▶ [Recorded information]

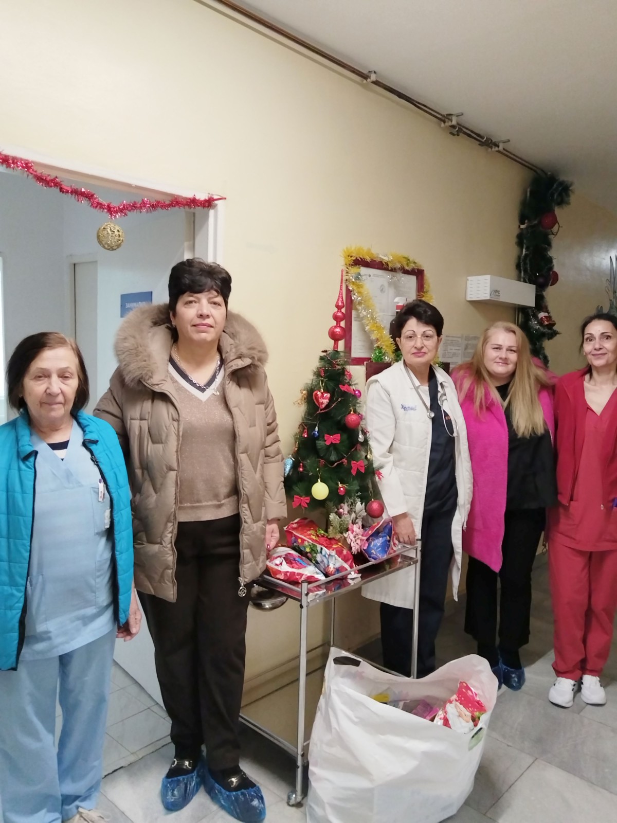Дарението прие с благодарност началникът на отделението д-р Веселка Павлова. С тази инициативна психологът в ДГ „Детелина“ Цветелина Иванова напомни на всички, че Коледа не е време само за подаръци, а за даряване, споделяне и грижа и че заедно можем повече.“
...
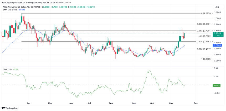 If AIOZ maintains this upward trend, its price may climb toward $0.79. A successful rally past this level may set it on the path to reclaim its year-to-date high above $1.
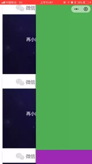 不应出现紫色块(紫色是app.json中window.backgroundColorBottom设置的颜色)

▶ [Your goal]
Would you give again, exactly, the lines in the data above that run from the line containing "If AIOZ maintains" to the line containing "不应出现紫色块(紫色是app"? Include both ends and no pictures.

▶ [Answer space]
 If AIOZ maintains this upward trend, its price may climb toward $0.79. A successful rally past this level may set it on the path to reclaim its year-to-date high above $1.
 不应出现紫色块(紫色是app.json中window.backgroundColorBottom设置的颜色)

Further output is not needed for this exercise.